* Action item: Below are some records. Retype exactly the lines from the one containing "1년간의 인턴십은 제게" through the one containing "逆にボーカルの佐々木李子さん", both included, skipping every picture.

* Available data:
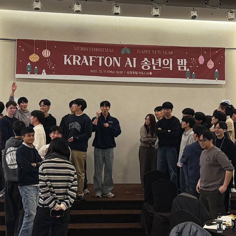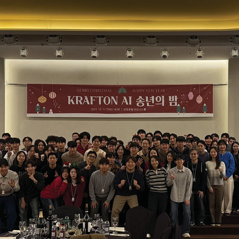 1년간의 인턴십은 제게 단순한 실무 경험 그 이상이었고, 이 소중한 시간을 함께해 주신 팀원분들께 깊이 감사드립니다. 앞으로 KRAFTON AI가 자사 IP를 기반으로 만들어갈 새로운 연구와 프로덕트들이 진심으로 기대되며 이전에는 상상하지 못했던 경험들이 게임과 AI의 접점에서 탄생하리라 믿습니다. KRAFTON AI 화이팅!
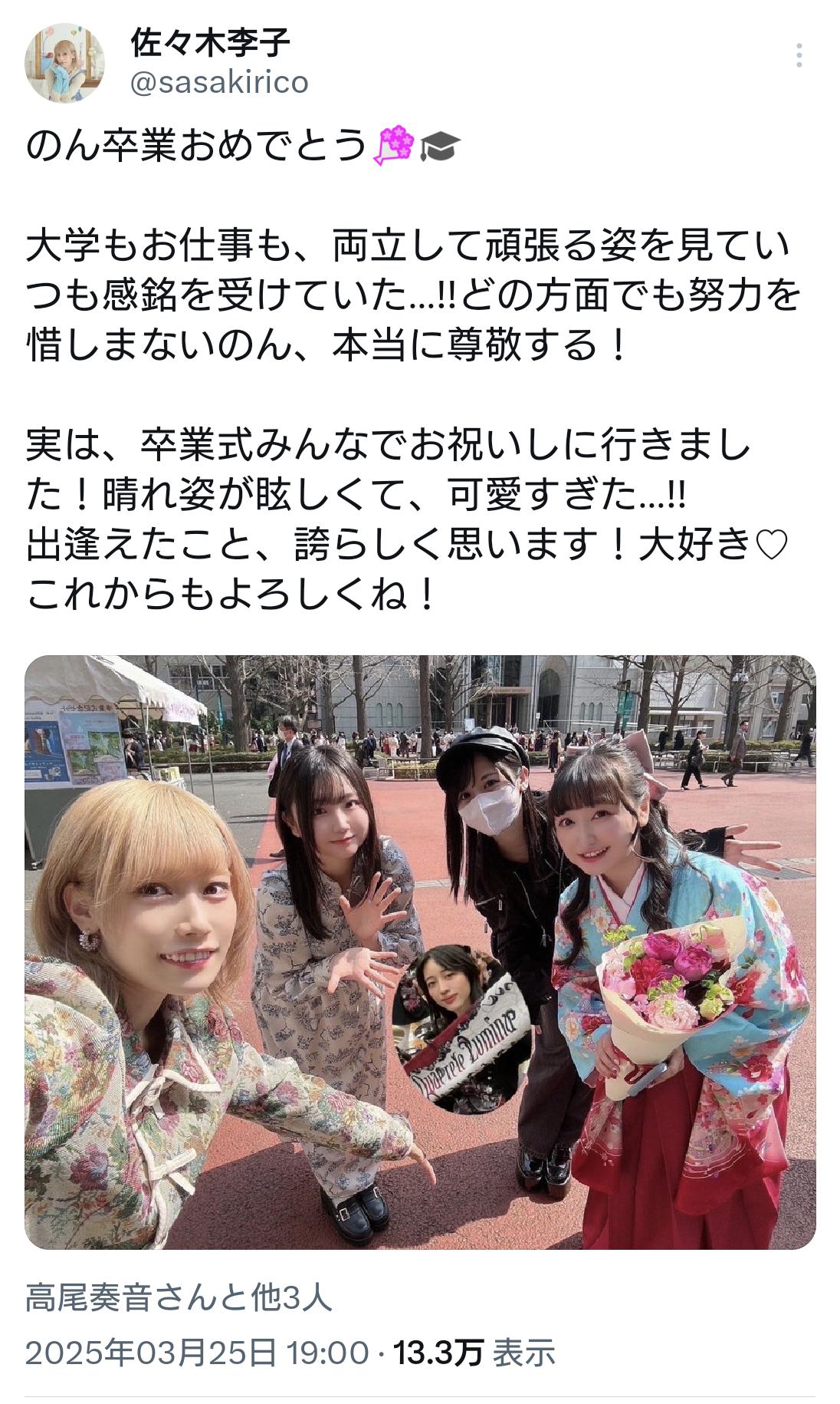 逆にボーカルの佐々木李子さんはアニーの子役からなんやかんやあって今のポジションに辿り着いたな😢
...
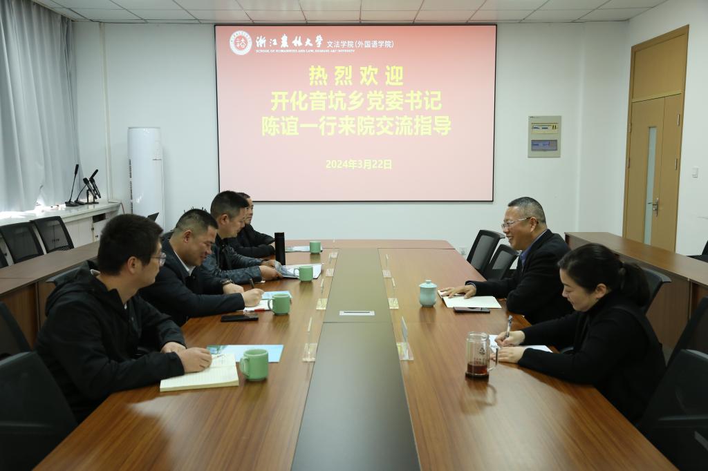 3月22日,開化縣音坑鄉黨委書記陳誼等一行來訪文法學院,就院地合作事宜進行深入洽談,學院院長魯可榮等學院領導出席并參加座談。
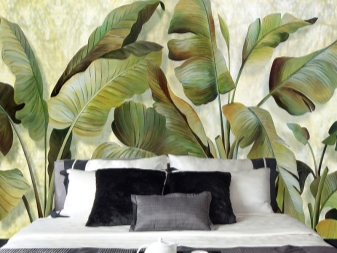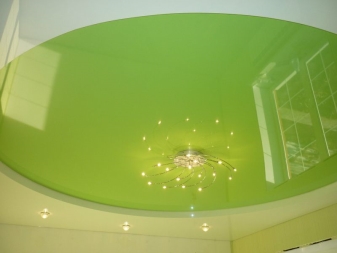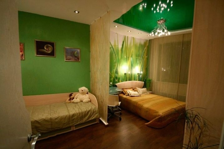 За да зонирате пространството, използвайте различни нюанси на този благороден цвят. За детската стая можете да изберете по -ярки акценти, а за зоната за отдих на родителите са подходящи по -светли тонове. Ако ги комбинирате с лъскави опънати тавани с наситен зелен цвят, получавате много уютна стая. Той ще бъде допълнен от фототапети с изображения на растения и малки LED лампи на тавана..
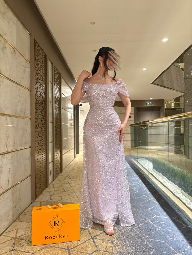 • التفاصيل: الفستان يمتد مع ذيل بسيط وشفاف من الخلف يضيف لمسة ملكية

* Response to the task:
 1년간의 인턴십은 제게 단순한 실무 경험 그 이상이었고, 이 소중한 시간을 함께해 주신 팀원분들께 깊이 감사드립니다. 앞으로 KRAFTON AI가 자사 IP를 기반으로 만들어갈 새로운 연구와 프로덕트들이 진심으로 기대되며 이전에는 상상하지 못했던 경험들이 게임과 AI의 접점에서 탄생하리라 믿습니다. KRAFTON AI 화이팅!
 逆にボーカルの佐々木李子さんはアニーの子役からなんやかんやあって今のポジションに辿り着いたな😢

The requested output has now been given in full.